* _Exercise goal_:
Reproduce the opening lines of the listing below exactly, stopping after the line that contains "Ex. col. IBAÑEZ." and leaving out any pictures.

Start of Dataset entries

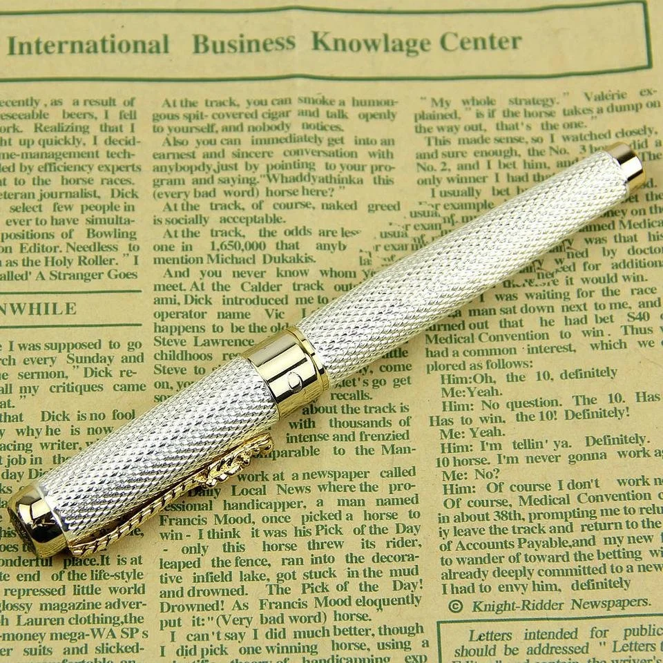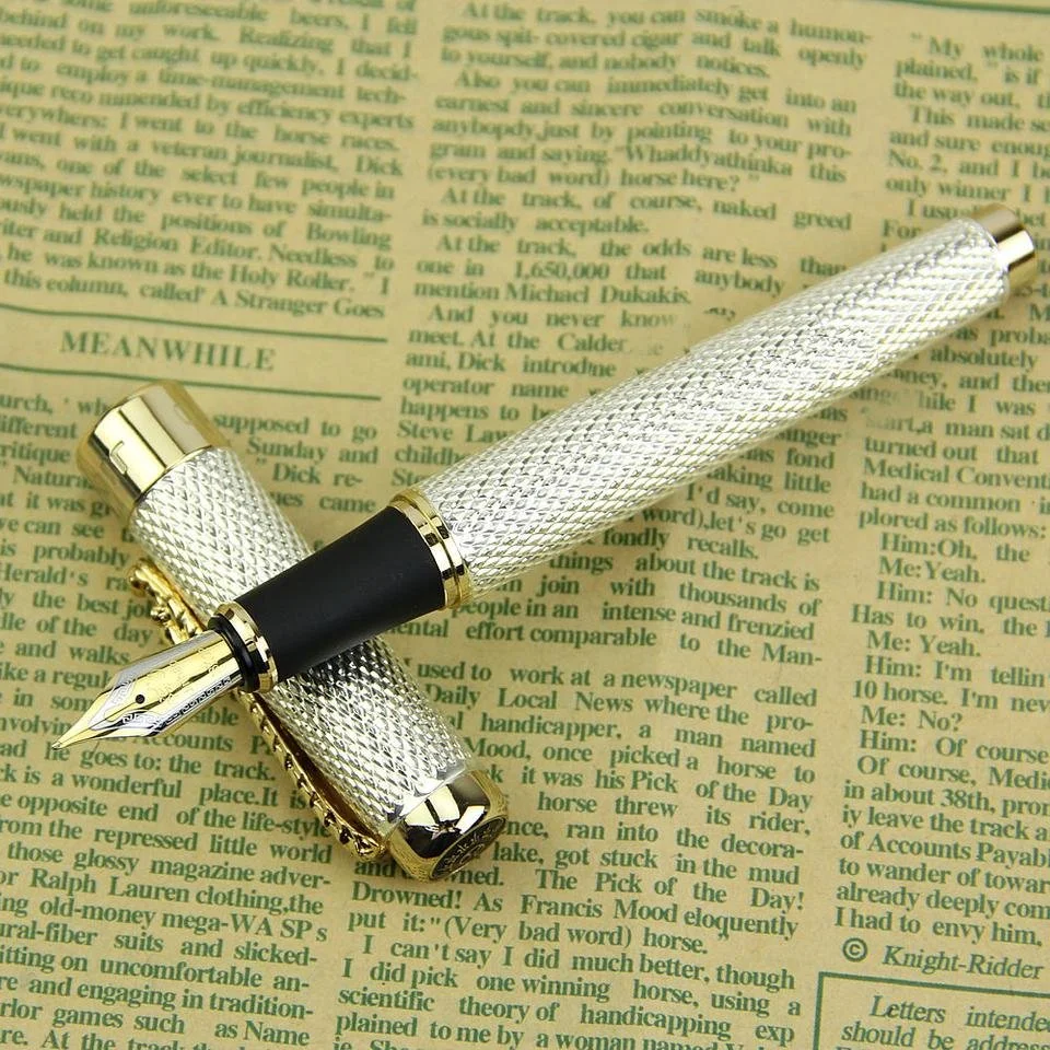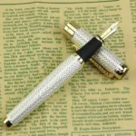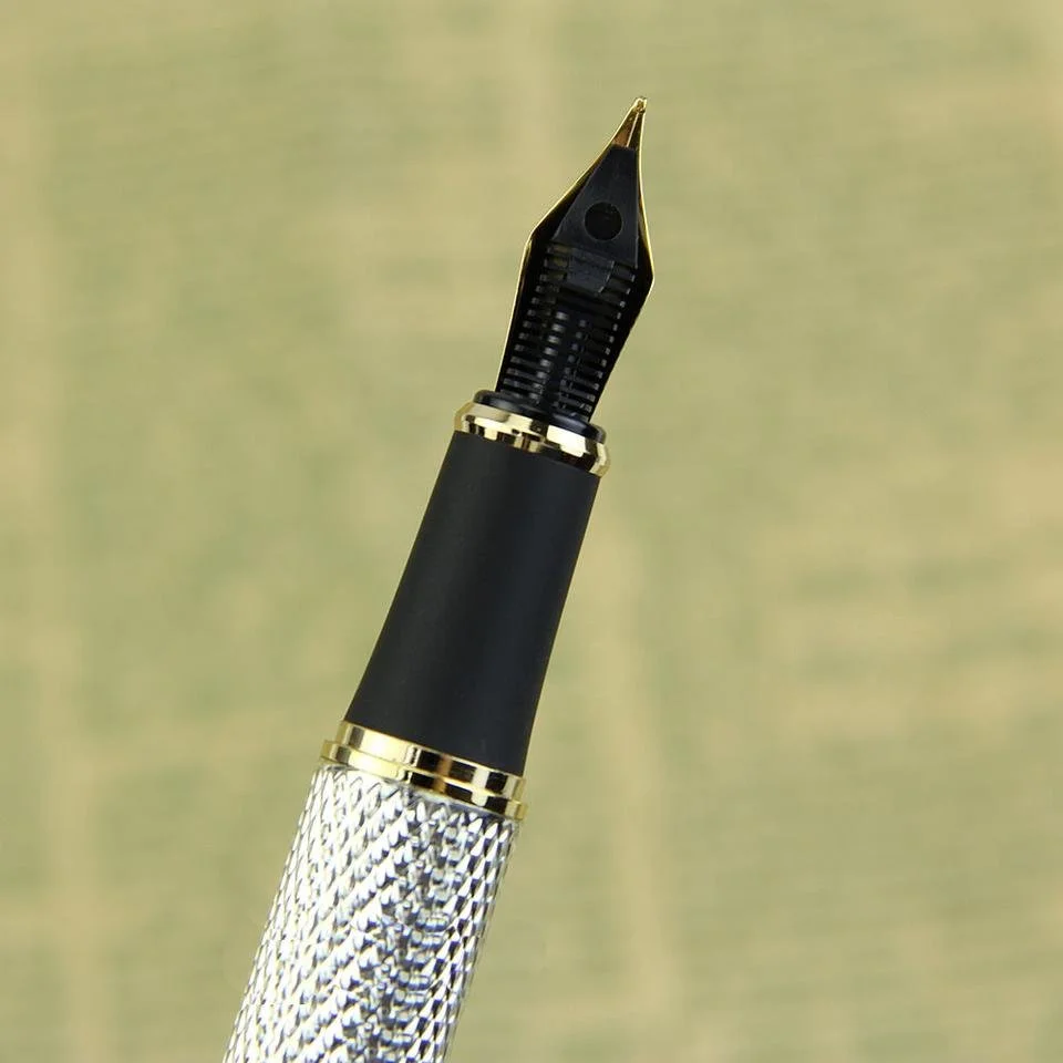 18K GP Silver Gold Textured Standard Nib Fountain Pen / Luxury Ink Pen
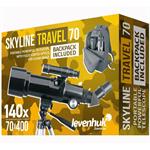 Levenhuk Skyline Travel 70 je šošovkový ďalekohľad , ktorý zaisťuje zväčšenie až 140x a obsahuje dva okuláre, optický hľadáčik, Barlowovu šošovku a diagonálne zrkadlo. Ostrý a čistý obraz bez aberácií umožňuje sklenená optika s antireflexnou vrstvou na všetkých aktívnych plochách. Optický tubus je nainštalovaný na hliníkovom statíve s nastaviteľnou výškou. Teleskop je vhodný pre začiatočníkov na pozorovanie povrchu Mesiaca, planét slnečnej sústavy, najjasnejších objektov hlbokého vesmíru a pozemného pozorovania.
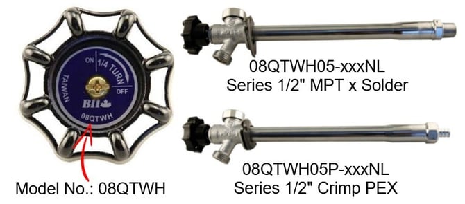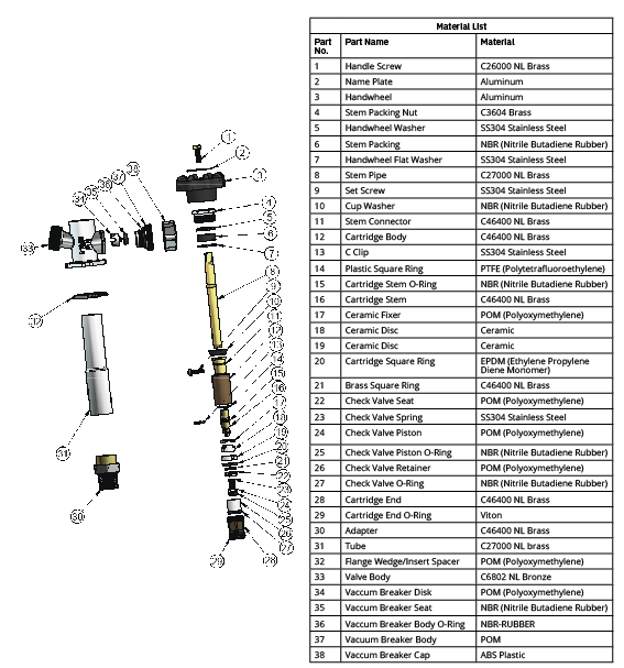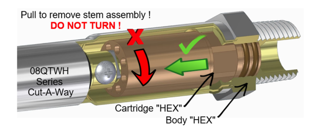 Do not try to turn out the stem assembly! Quarter Turn Wall Hydrants Stems do not turn in and out of the valve body in the same way that Multi-Turn wall hydrant stem assemblies. When the packing nut No. 13 has been disengaged from the valve body the stem is simply pulled out of the body the valve cartridge has a HEX shape that slides into a HEX shaped pocket in the body which keeps the valve assembly from turning when the handle is operated. If you attempt to turn it out, you will break the stem off the valve cartridge assembly. Never turn the handle more than the quarter turn (90°) rotation as shown on the identification disc in the handle.
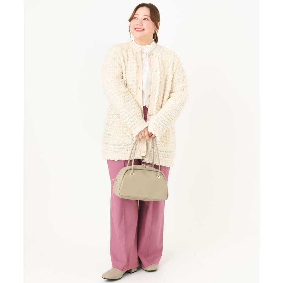 テープヤーンやストレート糸を編んだツィードみせするニット編地を使用しています。
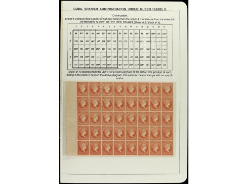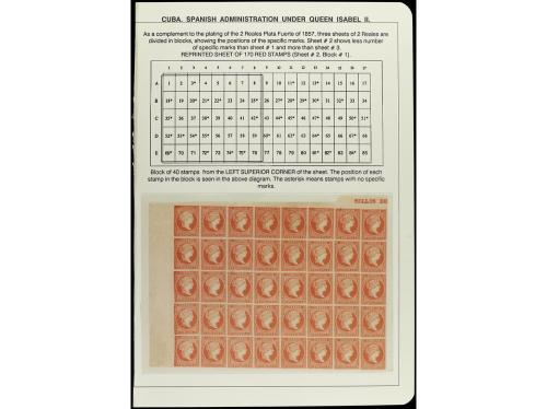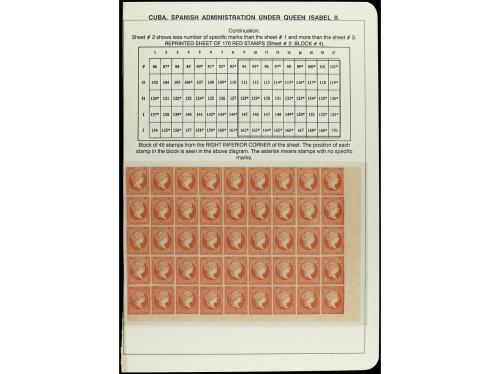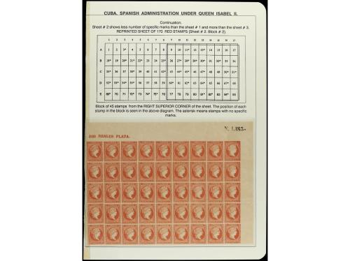 * CUBA. Ant. 9. 2 reales rojo. Reconstrucción de la hoja de 170 sellos con dos bloques de 40 sellos y dos de 45 sellos. ESPECTACULAR y RARO CONJUNTO. Ex. col. IBAÑEZ.
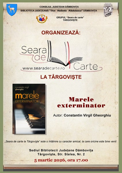 Joi, 5 martie 2026, ora 17.00, are loc o nouă întâlnire „Seara de carte la Târgovişte”, la sediul Bibliotecii Judeţene „I. H. Rădulescu” Dâmboviţa (Str. Stelea, Nr. 2).
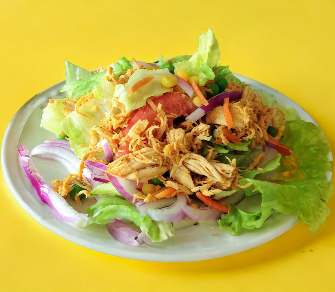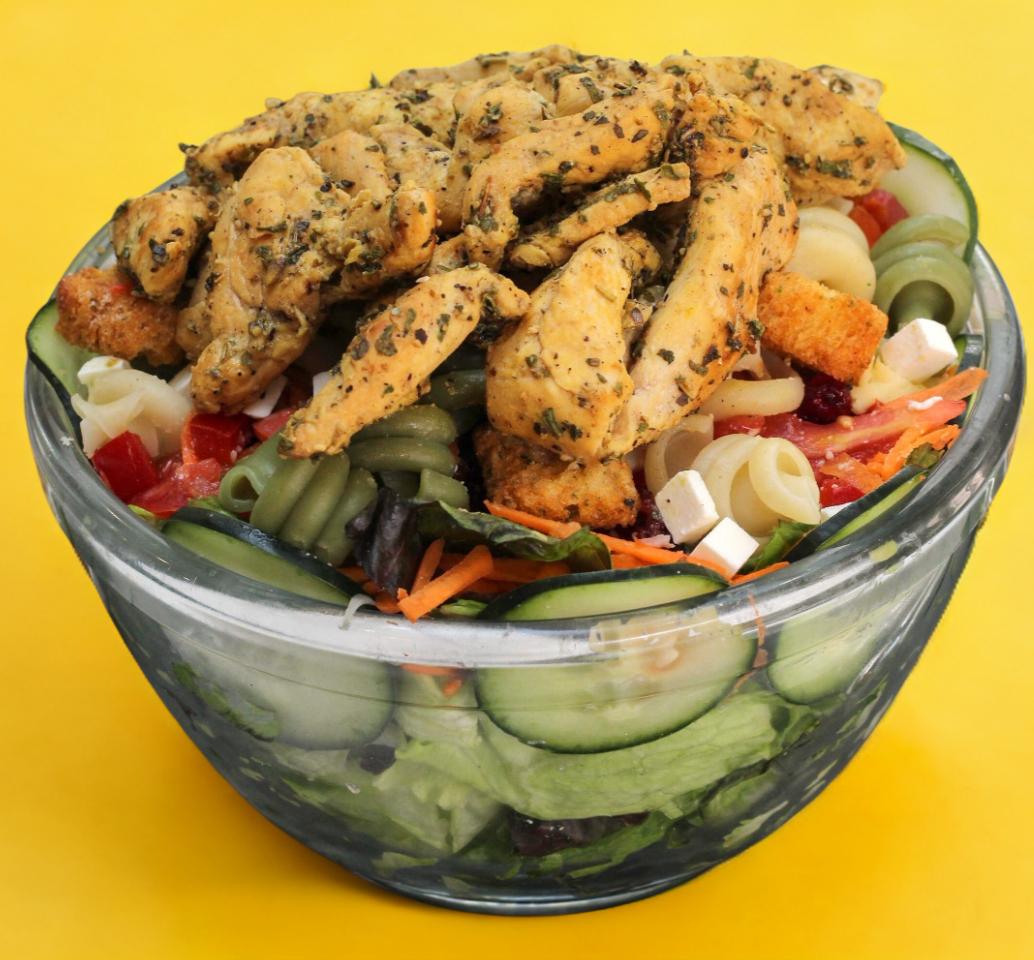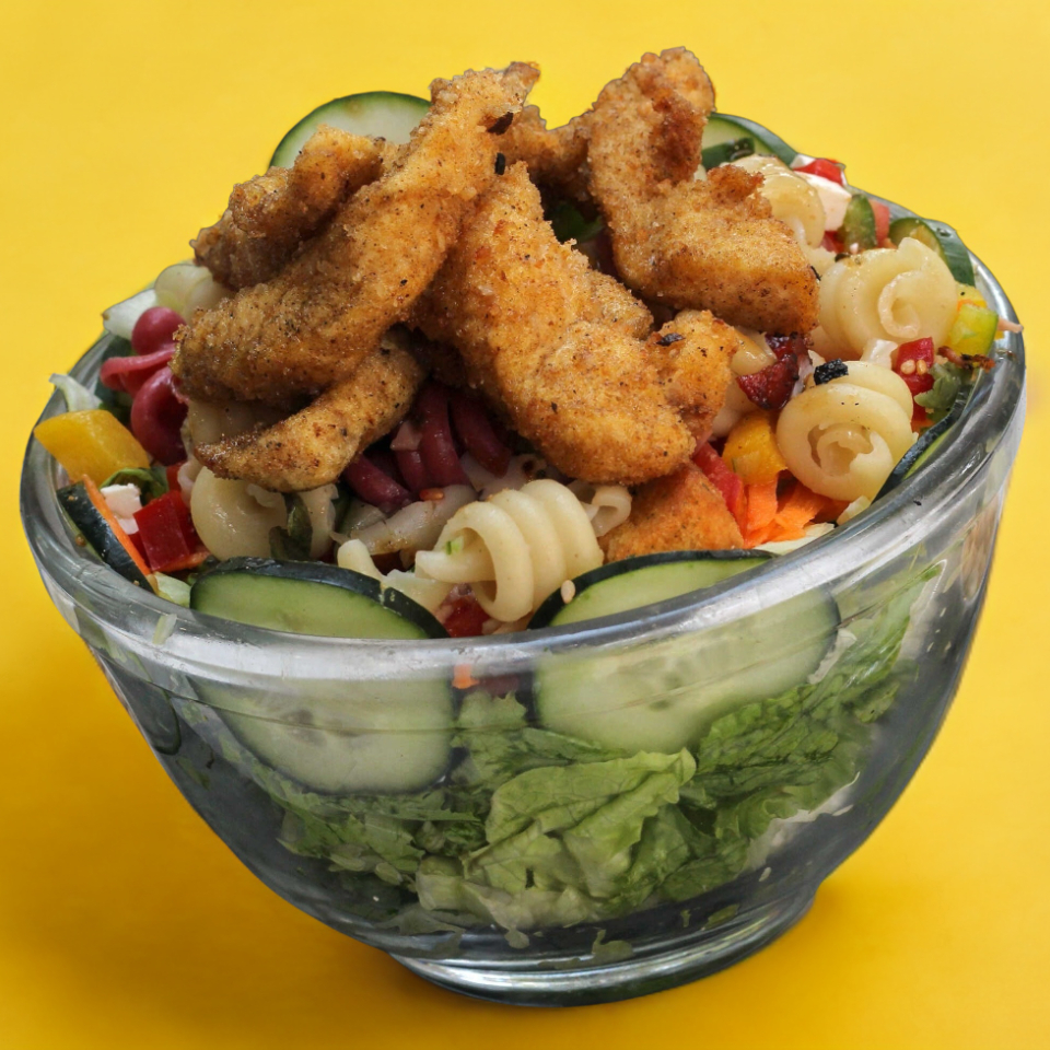 Pollo empanizado, base (mix de lechugas (romana, italiana), pepino, zanahoria, jitomate, pimiento, arándano, crotones, pasta y queso panela.

End of Dataset entries

* _Result of the exercise_:
 18K GP Silver Gold Textured Standard Nib Fountain Pen / Luxury Ink Pen
 Levenhuk Skyline Travel 70 je šošovkový ďalekohľad , ktorý zaisťuje zväčšenie až 140x a obsahuje dva okuláre, optický hľadáčik, Barlowovu šošovku a diagonálne zrkadlo. Ostrý a čistý obraz bez aberácií umožňuje sklenená optika s antireflexnou vrstvou na všetkých aktívnych plochách. Optický tubus je nainštalovaný na hliníkovom statíve s nastaviteľnou výškou. Teleskop je vhodný pre začiatočníkov na pozorovanie povrchu Mesiaca, planét slnečnej sústavy, najjasnejších objektov hlbokého vesmíru a pozemného pozorovania.
 Do not try to turn out the stem assembly! Quarter Turn Wall Hydrants Stems do not turn in and out of the valve body in the same way that Multi-Turn wall hydrant stem assemblies. When the packing nut No. 13 has been disengaged from the valve body the stem is simply pulled out of the body the valve cartridge has a HEX shape that slides into a HEX shaped pocket in the body which keeps the valve assembly from turning when the handle is operated. If you attempt to turn it out, you will break the stem off the valve cartridge assembly. Never turn the handle more than the quarter turn (90°) rotation as shown on the identification disc in the handle.
 テープヤーンやストレート糸を編んだツィードみせするニット編地を使用しています。
 * CUBA. Ant. 9. 2 reales rojo. Reconstrucción de la hoja de 170 sellos con dos bloques de 40 sellos y dos de 45 sellos. ESPECTACULAR y RARO CONJUNTO. Ex. col. IBAÑEZ.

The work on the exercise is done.